For millions of people living with asthma or chronic obstructive pulmonary disease (COPD), inhalers are as essential as eyeglasses or shoes. But many commonly used inhalers rely on powerful propellant gases that contribute to climate change. This study asks a simple but important question: can patients safely switch to more climate‑friendly inhalers without sacrificing control of their breathing problems?

Figure 1
Figure 1.

Different tools for the same job

There are three main types of handheld inhalers. Pressurised metered dose inhalers, or pMDIs, are the familiar spray devices that use a propellant gas to push medicine into the lungs. Dry powder inhalers (DPIs) and soft mist inhalers (SMIs) deliver the same medicines without such gases. Because pMDIs use fluorinated gases with a high global warming effect, health systems are under pressure to move toward DPIs and SMIs. Yet doctors and patients have been unsure whether these propellant‑free devices work just as well in everyday care.

Gathering the best available evidence

The authors carried out a large systematic review and meta‑analysis, a method that pools results from many clinical trials to get a clearer overall picture. They searched major medical databases up to late 2025 and found 44 randomised controlled trials involving 24,710 people with asthma or COPD. These trials compared pMDIs with DPIs or SMIs while keeping the drug type and dose as similar as possible, so that the only meaningful difference was the device. Studies covered long‑term maintenance treatment for asthma and COPD, as well as short‑term treatment for asthma attacks in children.

Figure 2
Figure 2.

Breathing tests and everyday symptoms

Across the trials, the researchers looked at several measures that matter to patients and clinicians. These included standard breathing tests (how much air someone can blow out in one second, and how fast they can exhale), day‑to‑day symptoms, quality of life scores, flare‑ups that required extra care, and the need for “rescue” inhalers. For asthma and COPD alike, the numbers were strikingly similar between propellant inhalers and propellant‑free devices. Tiny differences did appear, but they were far smaller than thresholds experts consider noticeable or important in real life. In other words, lungs worked just as well regardless of whether the medicine came from a spray, a powder, or a mist.

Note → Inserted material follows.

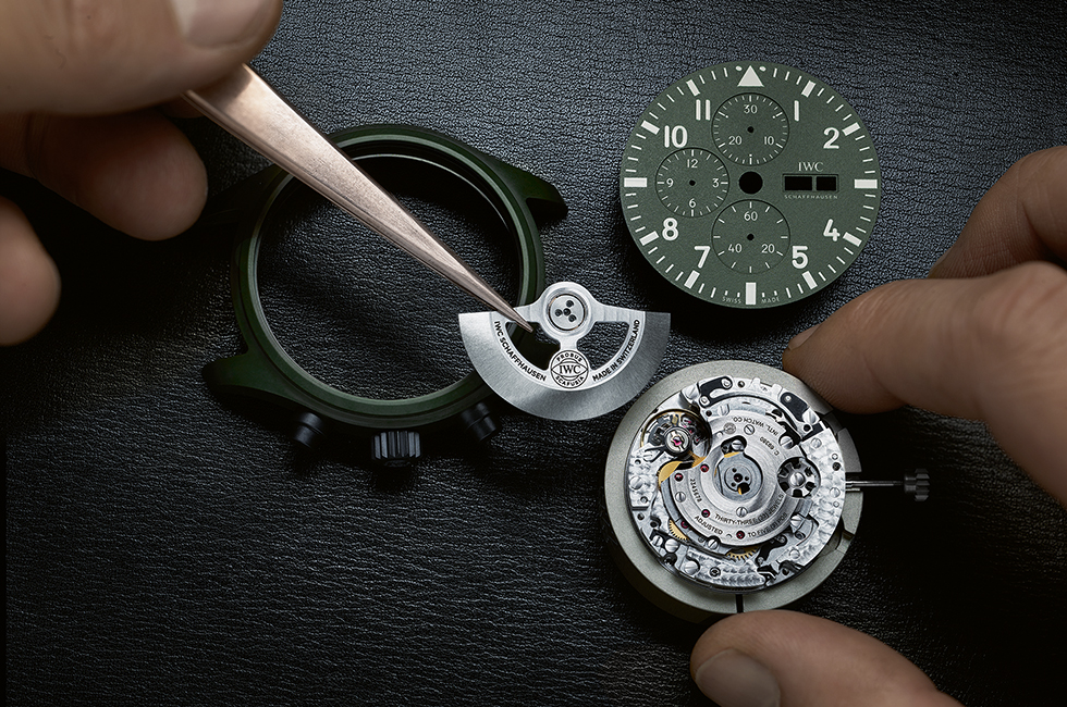 세라믹 시계 제작에 남다른 노하우를 지니고 있는 IWC. 1986년 처음 세라믹 시계를 제작하기 시작한 이후 2019년 샌드 컬러인 모하비 데저트 에디션을 거쳐 올해 세 가지 컬러를 추가했다. 그중 은은한 광택을 내는 짙은 녹색의 ‘우드랜드’ 워치는 파일럿 워치라는 이름에 걸맞게 미국 해군 파일럿의 비행복에서 영감을 받았다. 이 고급스러운 그린은 세라믹 케이스와 다이얼, 스트랩 등에 사용했으며 푸셔 및 케이스 백은 매트 블랙 세라타늄을 적용해 내구성을 강화했고 숫자 및 아워 마커는 더 밝은 색채로 완성해 가독성을 높였다. 칼럼 휠 방식으로 우수한 견고성과 신뢰성을 보장하는 크로노그래프 무브먼트인 IWC 자체 제작 69380 칼리버로 구동하며 자기장의 영향으로부터 무브먼트를 보호하기 위한 연철 내부 케이스를 장착했다. 케이스 백에 아이코닉한 탑건 로고가 매력적이다. 전 세계 연간 1천 개 한정 수량으로 생산한다.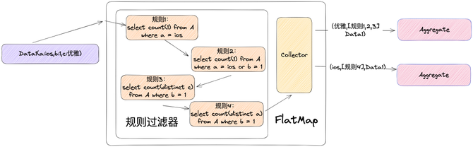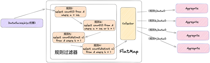FlatMap数据输出格式调整为 <分组Key,RuleIdList,Data>。将数据命中的所有规则ID合并在一起,向后输出。聚合算子收到数据后,根据RuleIdList进行业务计算。

Safety, side effects, and special groups

The review also checked for safety problems, including overall side effects, serious complications, hospital visits, and deaths. Again, no meaningful differences emerged between device types. This held true for adults with long‑term asthma or COPD and for children treated during asthma attacks. Some trials had design limitations, such as imperfect masking of which device was used, so the authors rated much of the evidence as “moderate” rather than “high” certainty. Still, the consistency across dozens of studies and many different outcomes suggests that any real differences, if they exist, are very small.

What this means for patients and the climate

The findings support a reassuring conclusion for patients, clinicians, and policymakers. When people are taught to use their inhaler correctly, propellant‑free devices such as DPIs and SMIs control asthma and COPD just as effectively and safely as traditional spray inhalers, at least when the same medicines and doses are used. That does not mean every person should switch devices: age, hand strength, breathing ability, cost, and personal preference still matter, and some people may do better with one type over another. But from a big‑picture view, the study suggests that health systems can increase the use of low‑carbon inhalers without harming patient care, and that future efforts can focus on how to make such changes smoothly while keeping people’s lung disease well controlled.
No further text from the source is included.